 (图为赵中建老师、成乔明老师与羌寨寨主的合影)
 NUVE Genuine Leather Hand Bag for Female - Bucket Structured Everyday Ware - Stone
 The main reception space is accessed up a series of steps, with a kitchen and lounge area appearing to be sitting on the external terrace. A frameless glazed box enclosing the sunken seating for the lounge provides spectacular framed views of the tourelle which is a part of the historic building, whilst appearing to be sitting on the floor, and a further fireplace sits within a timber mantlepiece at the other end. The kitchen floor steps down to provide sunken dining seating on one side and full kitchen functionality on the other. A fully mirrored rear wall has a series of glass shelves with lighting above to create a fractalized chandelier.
==
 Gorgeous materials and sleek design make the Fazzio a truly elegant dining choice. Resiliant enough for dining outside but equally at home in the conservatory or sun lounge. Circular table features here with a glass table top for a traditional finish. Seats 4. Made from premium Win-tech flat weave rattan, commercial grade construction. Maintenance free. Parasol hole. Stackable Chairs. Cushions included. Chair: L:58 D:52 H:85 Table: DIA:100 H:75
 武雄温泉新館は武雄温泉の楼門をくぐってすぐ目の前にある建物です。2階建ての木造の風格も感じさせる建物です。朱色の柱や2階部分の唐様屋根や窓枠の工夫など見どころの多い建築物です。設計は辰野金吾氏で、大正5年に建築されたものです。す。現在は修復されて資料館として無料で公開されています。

> **What needs to be done**
Within the material above, copy exactly the lines from the line that holds "(图为赵中建老师、成乔明老师与羌寨寨主的合影)" up to and including the line that holds "NUVE Genuine Leather".

> **Written solution**
 (图为赵中建老师、成乔明老师与羌寨寨主的合影)
 NUVE Genuine Leather Hand Bag for Female - Bucket Structured Everyday Ware - Stone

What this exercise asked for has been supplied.